Supplied material:
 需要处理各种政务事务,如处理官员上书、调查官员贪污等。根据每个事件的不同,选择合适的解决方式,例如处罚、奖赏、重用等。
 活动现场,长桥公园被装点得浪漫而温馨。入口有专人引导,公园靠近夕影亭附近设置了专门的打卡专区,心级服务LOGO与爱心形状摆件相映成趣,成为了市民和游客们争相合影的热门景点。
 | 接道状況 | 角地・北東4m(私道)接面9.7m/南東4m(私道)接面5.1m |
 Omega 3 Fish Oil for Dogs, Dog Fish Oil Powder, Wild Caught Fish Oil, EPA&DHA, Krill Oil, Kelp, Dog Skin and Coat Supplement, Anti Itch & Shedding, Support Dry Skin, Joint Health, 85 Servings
* * *
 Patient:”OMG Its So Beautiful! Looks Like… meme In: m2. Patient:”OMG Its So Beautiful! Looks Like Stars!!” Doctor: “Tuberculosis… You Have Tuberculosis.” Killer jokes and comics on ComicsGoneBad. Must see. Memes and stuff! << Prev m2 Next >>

What is required:
Print again the lines of the entries above that fall between the line holding "需要处理各种政务事务,如处理" and the line holding "Omega 3 Fish", inclusive, exactly as they stand.

Exercise answer:
 需要处理各种政务事务,如处理官员上书、调查官员贪污等。根据每个事件的不同,选择合适的解决方式,例如处罚、奖赏、重用等。
 活动现场,长桥公园被装点得浪漫而温馨。入口有专人引导,公园靠近夕影亭附近设置了专门的打卡专区,心级服务LOGO与爱心形状摆件相映成趣,成为了市民和游客们争相合影的热门景点。
 | 接道状況 | 角地・北東4m(私道)接面9.7m/南東4m(私道)接面5.1m |
 Omega 3 Fish Oil for Dogs, Dog Fish Oil Powder, Wild Caught Fish Oil, EPA&DHA, Krill Oil, Kelp, Dog Skin and Coat Supplement, Anti Itch & Shedding, Support Dry Skin, Joint Health, 85 Servings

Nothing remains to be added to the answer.